Where to eat: La Lancia D’Oro, Piazza Grande 4, Arezzo, 39-05-752-1033, https://ristorantelanciadoro.it, lancidoro@loggevasari.it, noon-3:30 p.m., 7-10:30 p.m. Tuesday-Sunday, noon-3 p.m., 7-10:30 p.m. In a 500-year-old building on the charming, sloping Piazza Grande, La Lancia D’Oro is a third-generation family run restaurant with ferns hanging from the central archway. Lots of free house goodies on the side and excellent Tuscan dishes. Try the calamari ravioli. Dinner for two with antipasti, wine, dessert and tip for excellent service was €144.50.
When to go: Arezzo is at 1,000-foot elevation (300 meters) so it’s 5-8 degrees cooler than Rome year round. As I’ve always said, avoid Italy in July (too crowded) and August (too hot). Best time to tour vineyards is during the fall harvest season.
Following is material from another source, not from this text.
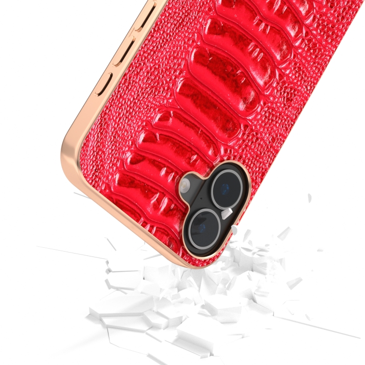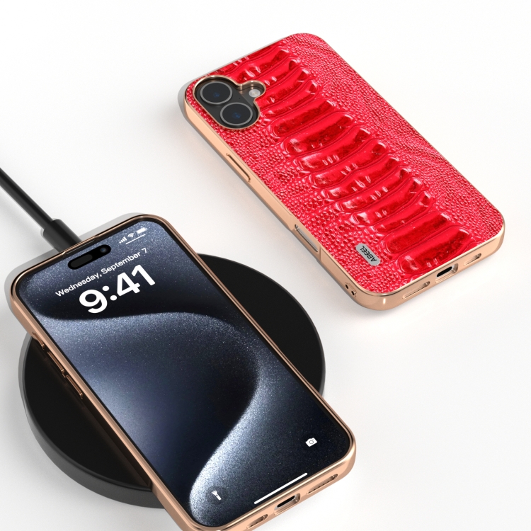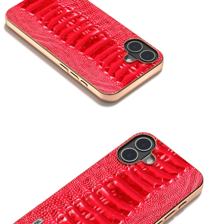 Funda para Teléfono Abeel Serie Weilai Cuero Genuino Marco Galvanizado iPhone 16 (Rojo)

For more information: Arezzo Turismo, Emiciclo Giovanni Paolo II, https://www.discoverarezzo.com, 9 a.m.-4 p.m.

April 17, 2026 @ 2:56 am
We first met Severio on a 2018 visit to Arezzo. My wife and I fell in love with Arezzo and Villa La Ripa. We have been back 7 times and consider Claudia, Slyvia, and Severio friends. We have seen the vineyard grow. We have had the pleasure of hosting a wine tasting evening in our home town in Iowa and with an employee of Villa La Ripa in attendance.
So get of the beaten path and make new friends in Arezzo
April 17, 2026 @ 10:52 am
Great story, Tim. We hope to meet Severio on our next trip.